◆ TASK STATEMENT: Beginning with the line that has "ジオード スフィア _CG6052" and ending with the line that has "BEAUTIFUL restored farmhouse", retype the entries below exactly, except for the pictures.

Top of RECORDED DATA

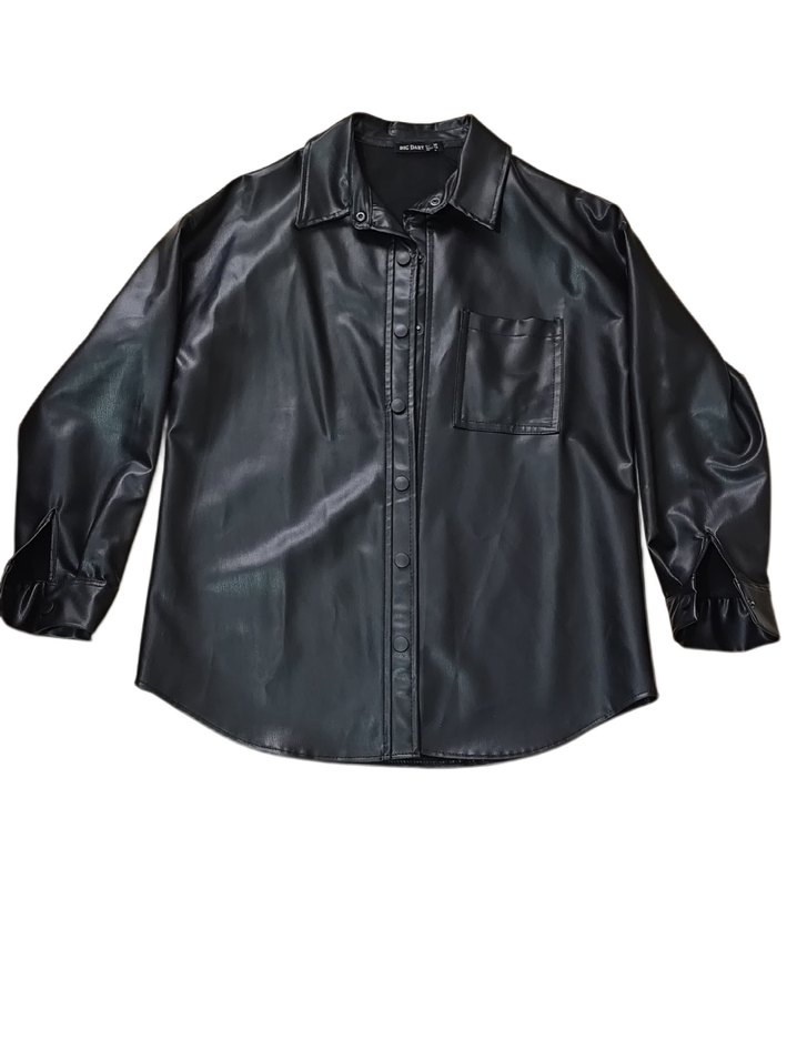 Düğmeli ön, uzun kollu ve yakalı siyah deri kadın ceket. Salaş kesim ve normal midi boy, sokak stili ve günlük kullanıma uygun.
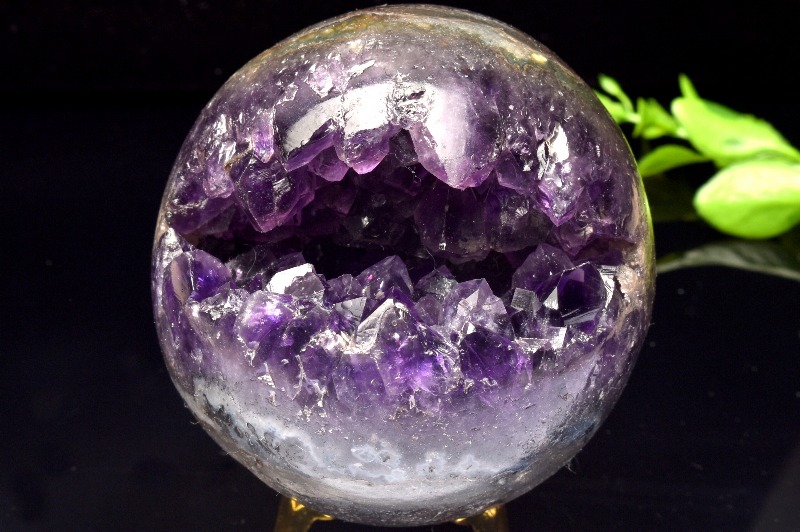【1点物】縁起物! アメジスト 66mm 丸玉(台座付き) 笑口 ジオード スフィア _CG6052
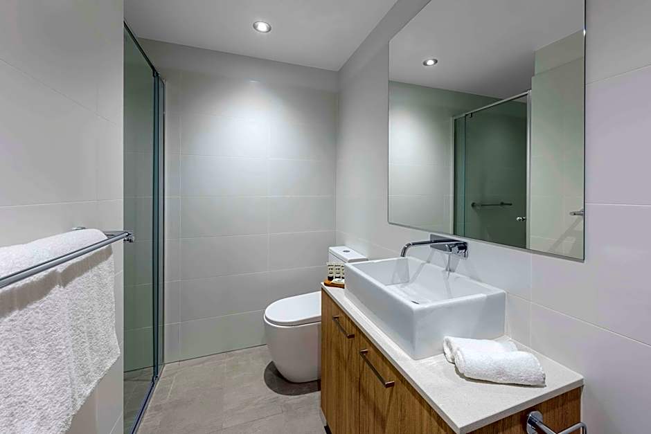 These spacious suites feature an open-plan living and dining room, fully equipped kitchen, laundry, private balcony, separate bedroom and en suite, with the added space of study room.Relax in front of your Smart TV and enjoy unlimited free WiFi during your stay.
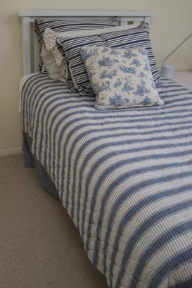 Headboard measures 41” L x 3” D x 42” T. Mattress is 38” x 74”. Railings are included.
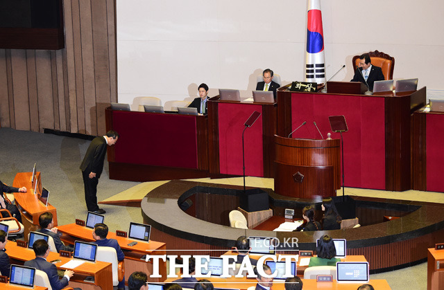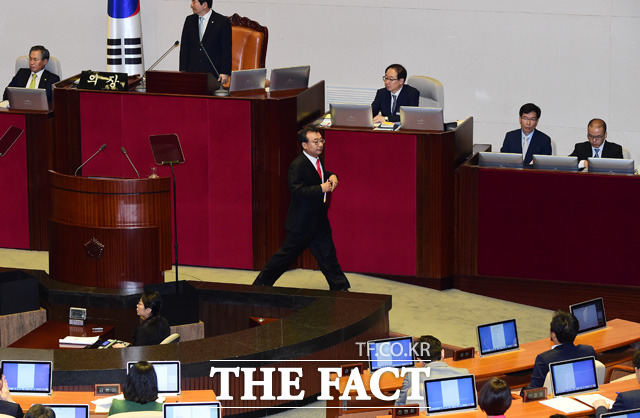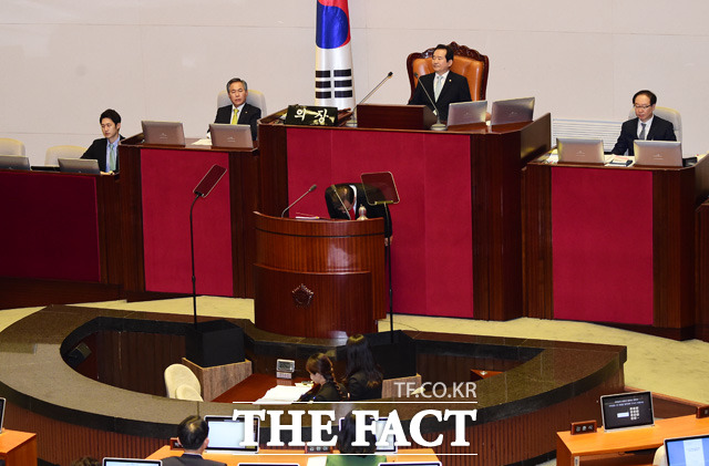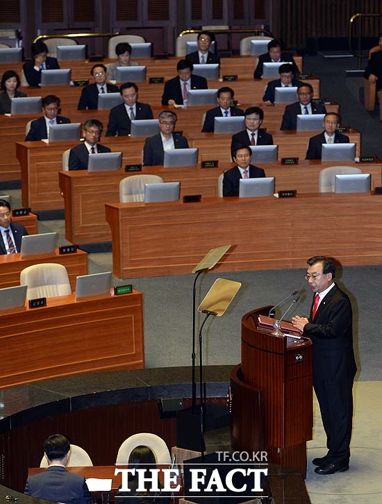 [더팩트ㅣ국회=임영무·배정한 기자] 새누리당 이정현 대표가 5일 서울 여의도 국회의사당에서 20대 국회 첫 정기국회 교섭단체 대표연설을 하고 있다.
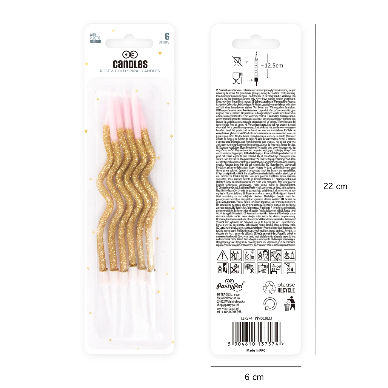 PartyPal Świeczki urodzinowe spiralne złoto-różowe
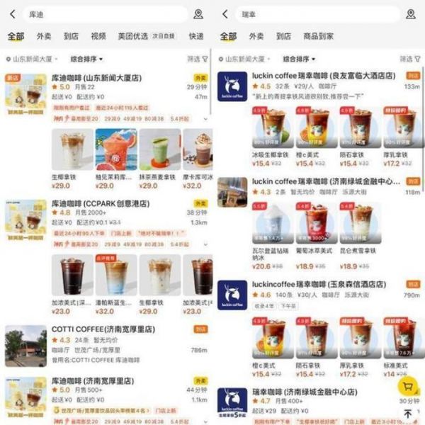 面对瑞幸,库迪毫不客气,称得上是“贴身肉搏”。首先在选址上,瑞幸和库迪几乎没有区隔,库迪甚至打出“瑞幸创始人请你喝咖啡”的噱头,堂而皇之的蹭流量。
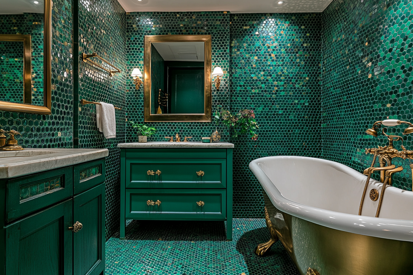Green mosaic tiles add texture and intricate detailing, making them ideal for feature walls or shower areas. A mix of emerald and gold mosaics creates a luxurious, regal effect.
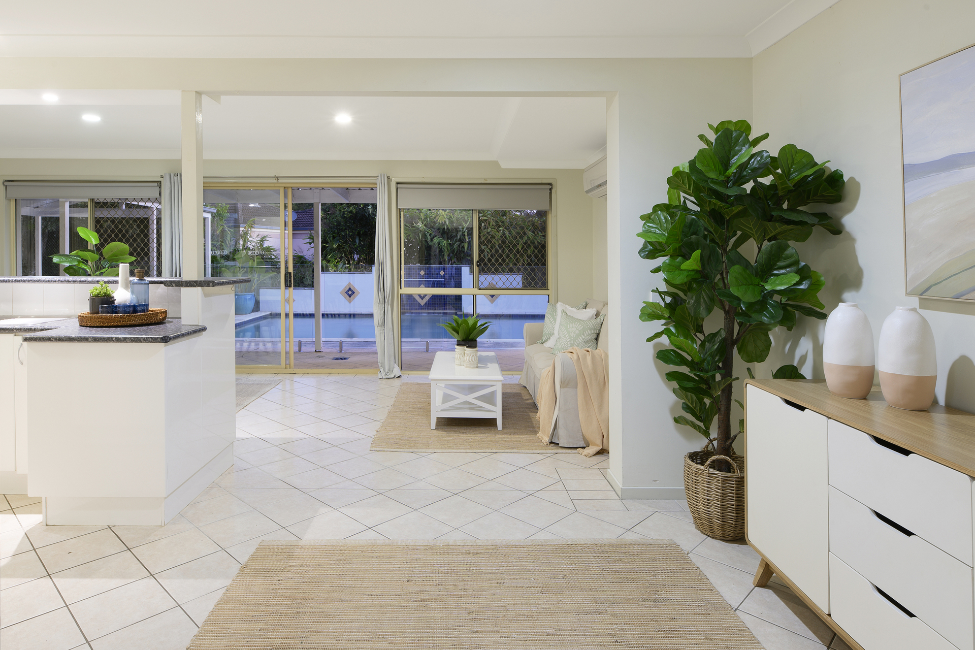 * Dual living potential with very versatile floor plan and separate living spaces * Inviting lounge and sitting area looks to the front yard * The large kitchen offers an abundance of storage & bench-space, with great visibility to the pool and outdoor areas * Big dining/living space sits adjacent to the kitchen and flows easily to outdoors
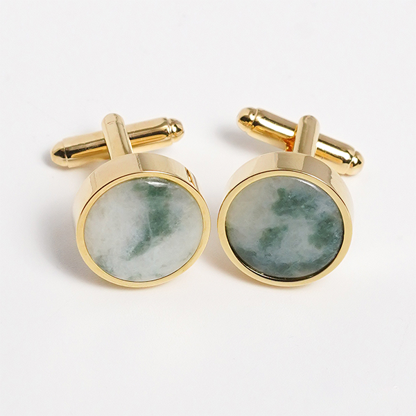 18K Gold-Plated Cufflinks for men with Fengshui Gemstone Jadeite MSDAXL005 |Tinh Vu Collection| Made in Vietnam
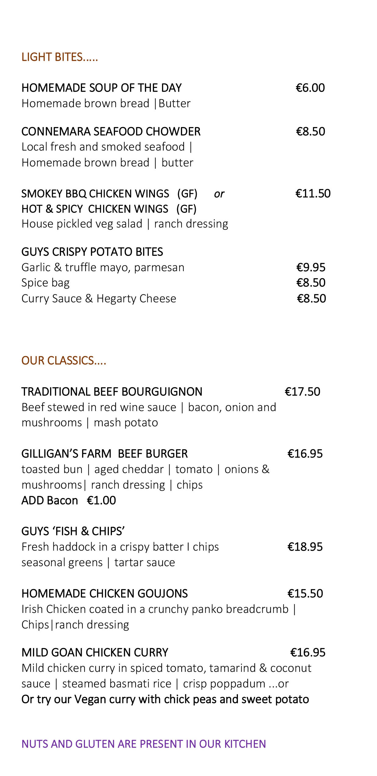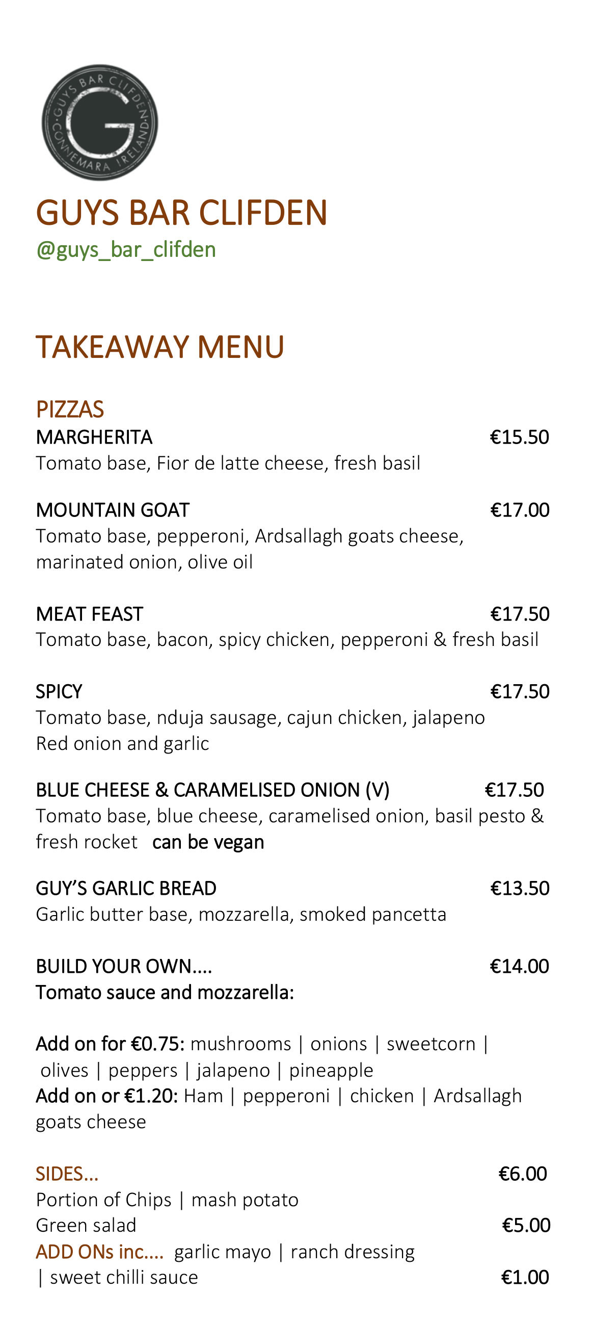 To order food and drinks for takeaway please call ahead on 095 21130 or call in to Guys.
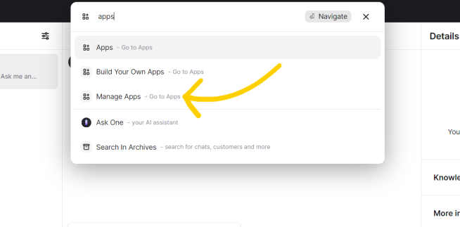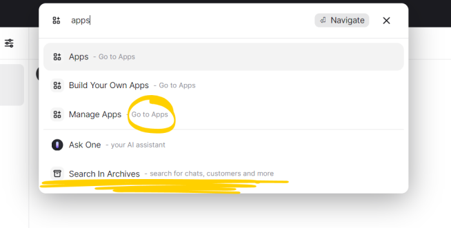 Search bar will list all the available options associated with your query. You’ll see associated app sections and actions next to every option returned by the search.
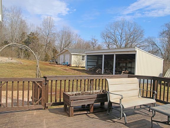 BEAUTIFUL restored farmhouse on 7+ acres in Campbell County with Seneca Creek frontage on the back property line where your family can enjoy fishing and swimming! Old mill ruins and old road bed along creek on property. This home is a MUST SEE! Updated kitchen, wide wood plank flooring, 2 main level bedrooms and a huge deck, full front porch, main level laundry, 3-bay tractor shed, and the enclosed detached garage/workshop includes plenty of space for a man cave, hobby room, or workshop. Additional storage shed conveys. Outdoor wood stove that can heat the entire house(if you choose; money saver) and pot belly stove is back up in case of power outages!
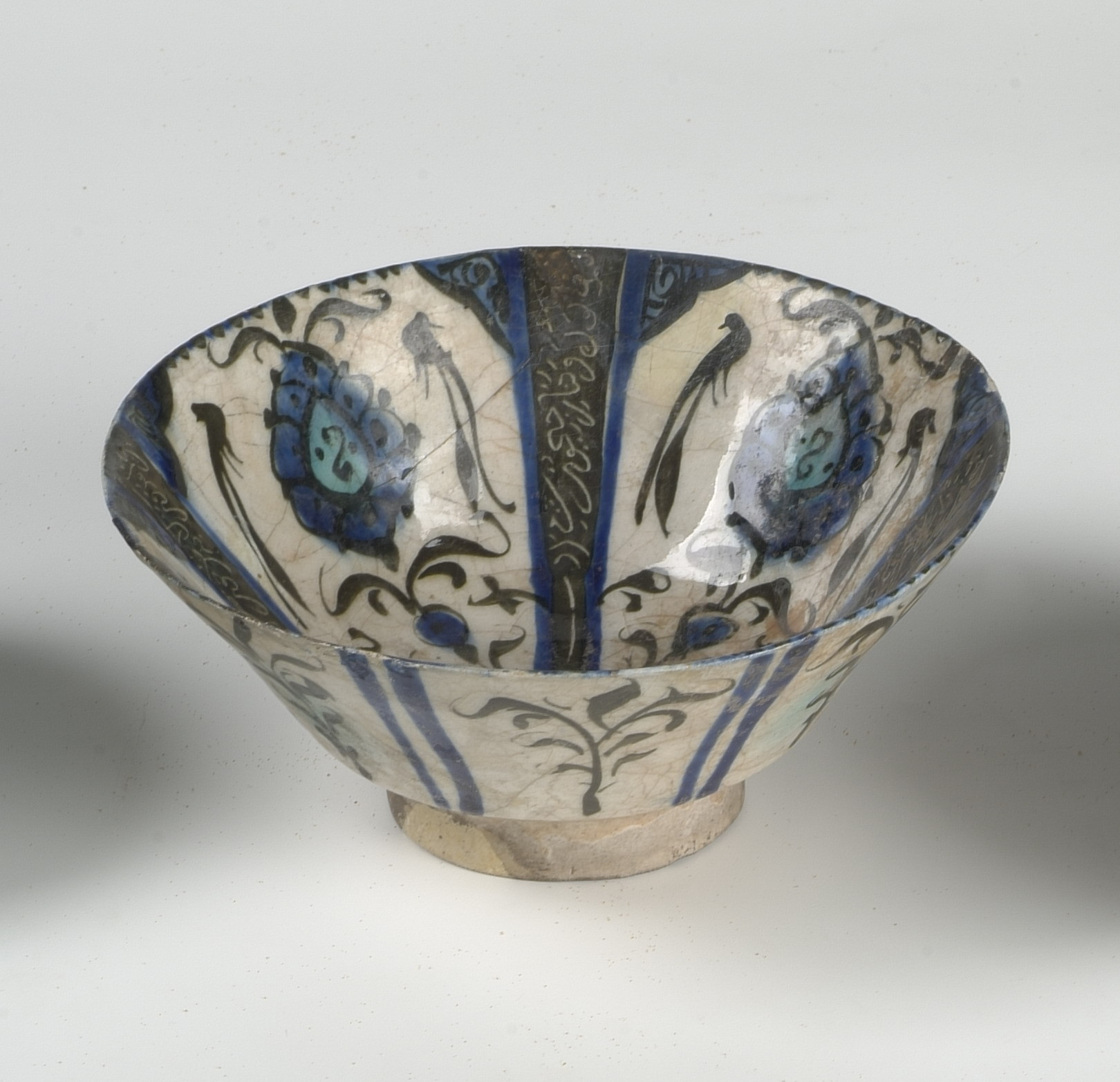 Conical bowl with "panel style" decoration. Iran, perhaps Kashan, 1200-1250. Fritware painted with underglaze blue and black manganese. H. 10.8 cm x Diam. 22.2 cm. Там само: http://67.52.109.59:8080/emuseum/view/objects/asitem/search$0040/17/title-asc/designation-asc?t:state:flow=da363d60-cef2-4f1a-87c6-35c43745194a Bowl with "panel style" decoration. Iran, perhaps Kashan, 1200-1220. Glazed fritware with underglaze painting. H. 10.2 cm x Diam. 20.3 cm
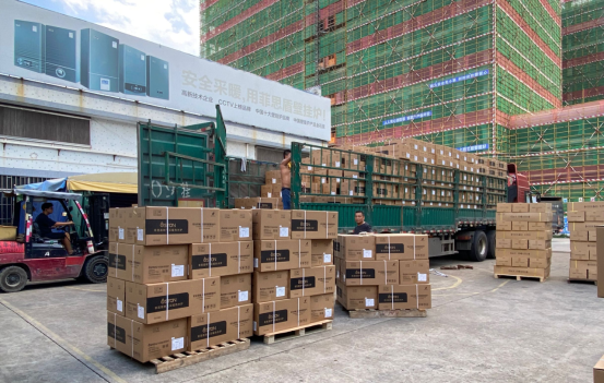 現(xiàn)場(chǎng)一件件貨物整齊劃一的排列在一旁等待裝車(chē),工作人員忙碌的身影來(lái)來(lái)往往,像是菲思盾在困境中負(fù)重前行,力爭(zhēng)求勝的縮影,亦是對(duì)我們?nèi)找岳^夜、全力以赴促生產(chǎn)的鼓勵(lì)和肯定。

Bottom of RECORDED DATA

◆ REPLY TO THE EXERCISE:
【1点物】縁起物! アメジスト 66mm 丸玉(台座付き) 笑口 ジオード スフィア _CG6052
 These spacious suites feature an open-plan living and dining room, fully equipped kitchen, laundry, private balcony, separate bedroom and en suite, with the added space of study room.Relax in front of your Smart TV and enjoy unlimited free WiFi during your stay.
 Headboard measures 41” L x 3” D x 42” T. Mattress is 38” x 74”. Railings are included.
 [더팩트ㅣ국회=임영무·배정한 기자] 새누리당 이정현 대표가 5일 서울 여의도 국회의사당에서 20대 국회 첫 정기국회 교섭단체 대표연설을 하고 있다.
 PartyPal Świeczki urodzinowe spiralne złoto-różowe
 面对瑞幸,库迪毫不客气,称得上是“贴身肉搏”。首先在选址上,瑞幸和库迪几乎没有区隔,库迪甚至打出“瑞幸创始人请你喝咖啡”的噱头,堂而皇之的蹭流量。
Green mosaic tiles add texture and intricate detailing, making them ideal for feature walls or shower areas. A mix of emerald and gold mosaics creates a luxurious, regal effect.
 * Dual living potential with very versatile floor plan and separate living spaces * Inviting lounge and sitting area looks to the front yard * The large kitchen offers an abundance of storage & bench-space, with great visibility to the pool and outdoor areas * Big dining/living space sits adjacent to the kitchen and flows easily to outdoors
 18K Gold-Plated Cufflinks for men with Fengshui Gemstone Jadeite MSDAXL005 |Tinh Vu Collection| Made in Vietnam
 To order food and drinks for takeaway please call ahead on 095 21130 or call in to Guys.
 Search bar will list all the available options associated with your query. You’ll see associated app sections and actions next to every option returned by the search.
 BEAUTIFUL restored farmhouse on 7+ acres in Campbell County with Seneca Creek frontage on the back property line where your family can enjoy fishing and swimming! Old mill ruins and old road bed along creek on property. This home is a MUST SEE! Updated kitchen, wide wood plank flooring, 2 main level bedrooms and a huge deck, full front porch, main level laundry, 3-bay tractor shed, and the enclosed detached garage/workshop includes plenty of space for a man cave, hobby room, or workshop. Additional storage shed conveys. Outdoor wood stove that can heat the entire house(if you choose; money saver) and pot belly stove is back up in case of power outages!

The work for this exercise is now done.